Access Point im Wandsteckdosen-Design

Der NWA5301-NJ von ZyXEL ist ein Access-Point, der in einem unauffälligen Gehäuse steckt. Sein WLAN-Modul sendet per 802.11n-Technik über zwei integrierte Antennen brutto bis zu 300 MBit/s im 2,4-GHz-Band. Er lässt sich über ZyXELs WLAN-Controller NXC2500 verwalten. Für den Uplink zum LAN hat ZyXEL dem AP nur einen FastEthernet-Port spendiert, der also nicht mehr als 100 MBit/s befördert.

An seinen drei übrigen FastEthernet-Port lassen sich Geräte wie VoIP-Telefone anschließen und mit Strom versorgen (bis zu 15,4 Watt per IEEE 802.af). ZyXEL sieht den Einsatz des Access-Points im Hospitality-Bereich. Dafür hat er den Suppress-Mode eingerichtet, bei dem die LED das Blinken einstellt, sobald nach dem Start die Initialisierung des Systems abgeschlossen ist.

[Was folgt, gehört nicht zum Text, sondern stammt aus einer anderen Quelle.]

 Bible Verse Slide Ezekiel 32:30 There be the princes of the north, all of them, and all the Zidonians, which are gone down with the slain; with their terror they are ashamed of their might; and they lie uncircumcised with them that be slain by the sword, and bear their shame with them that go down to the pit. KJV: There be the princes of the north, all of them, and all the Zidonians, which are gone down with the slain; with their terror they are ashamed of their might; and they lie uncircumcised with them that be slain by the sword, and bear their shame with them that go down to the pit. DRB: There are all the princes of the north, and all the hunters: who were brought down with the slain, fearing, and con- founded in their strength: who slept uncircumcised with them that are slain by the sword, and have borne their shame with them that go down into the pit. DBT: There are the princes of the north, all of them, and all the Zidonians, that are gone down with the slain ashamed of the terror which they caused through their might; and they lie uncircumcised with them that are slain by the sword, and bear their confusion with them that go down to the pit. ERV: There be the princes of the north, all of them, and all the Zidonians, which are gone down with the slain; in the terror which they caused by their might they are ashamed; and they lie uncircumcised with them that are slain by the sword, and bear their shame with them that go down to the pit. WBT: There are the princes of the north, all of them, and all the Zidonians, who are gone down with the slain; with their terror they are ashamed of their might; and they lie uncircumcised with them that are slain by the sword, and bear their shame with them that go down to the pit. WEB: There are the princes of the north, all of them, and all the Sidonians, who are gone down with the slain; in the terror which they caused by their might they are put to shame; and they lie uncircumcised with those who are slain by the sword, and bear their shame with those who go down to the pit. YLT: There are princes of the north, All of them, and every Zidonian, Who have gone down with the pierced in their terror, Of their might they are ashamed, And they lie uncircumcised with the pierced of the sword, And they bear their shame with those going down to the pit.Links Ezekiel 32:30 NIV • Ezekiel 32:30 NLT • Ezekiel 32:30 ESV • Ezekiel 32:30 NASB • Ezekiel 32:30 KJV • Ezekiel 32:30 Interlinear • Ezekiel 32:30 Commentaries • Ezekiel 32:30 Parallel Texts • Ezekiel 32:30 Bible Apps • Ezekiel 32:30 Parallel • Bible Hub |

Der NWA5301-NJ kostet 198 Euro. (dz)

Switches mit höherer Bandbreite

Die Smart Switches der DGS-1510er Familie erweitern das Switch-Sortiment von D-Link. Die neuen Modelle sind mit 16, 24 und 48 Ports erhältlich, die für 10/100/1000 MBit/s ausgelegt sind. Während die DGS-1500er Serie je vier Gigabit-SFP-Ports aufweist, sind die neuen 1510er Modelle mit je zwei Gigabit-SFP- und je zwei SFP+-Slots bestückt, die bis zu 10 GBits/s-Interfaces aufnehmen können.

Die 10-Gigabit-Anschlüsse nutzen sie wahlweise als Uplink oder als Stack-Verbindung zur Kopplung mit anderen DGS-1510-Einheiten. Im Stack-Betrieb lassen sich bis zu sechs Einheiten zu einem Verbund mit maximal 288 Ports zusammenfassen. Der Stack-Ring basiert auf Full-Duplex 10G; intern werden 40 GBits/s erreicht. Die DGS-1510er Serie lässt sich über diverse Schnittstellen verwalten, darunter mittels Web-Browser oder per SSH-Zugriff.

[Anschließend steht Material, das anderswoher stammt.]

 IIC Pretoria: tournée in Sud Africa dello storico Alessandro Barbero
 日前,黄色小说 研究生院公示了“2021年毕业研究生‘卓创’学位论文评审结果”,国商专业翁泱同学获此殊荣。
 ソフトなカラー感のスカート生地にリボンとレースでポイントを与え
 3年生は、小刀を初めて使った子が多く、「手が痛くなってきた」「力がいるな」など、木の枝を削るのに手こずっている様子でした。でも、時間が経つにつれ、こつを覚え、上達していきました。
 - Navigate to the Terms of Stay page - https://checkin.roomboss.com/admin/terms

Zur Produktfamilie gehört auch der PoE-Switch DGS-1510-28P mit 24 Ports, der beispielsweise VoIP-Telefone über das LAN-Kabel speist. Die Ports liefern bis zu 30 Watt gemäß IEEE 802.3at. Die Preise der DGS-1510-er Serie beginnen bei 253 Euro und reichen bis 708 Euro. (dz)

Netzwerk-Notizen

Belkin liefert den WLAN-Router Linksys WRT1900AC aus, welcher dem vor 11 Jahren eingeführten WRT54G äußerlich nachempfunden wurde.

OpenVPN Technologies bringt für Windows-Nutzer mit Version 2.3.3 ein Update seiner gleichnamigen VPN-Software heraus, das die OpenSSL-Bibliothek in einer bereinigten Fassung enthält.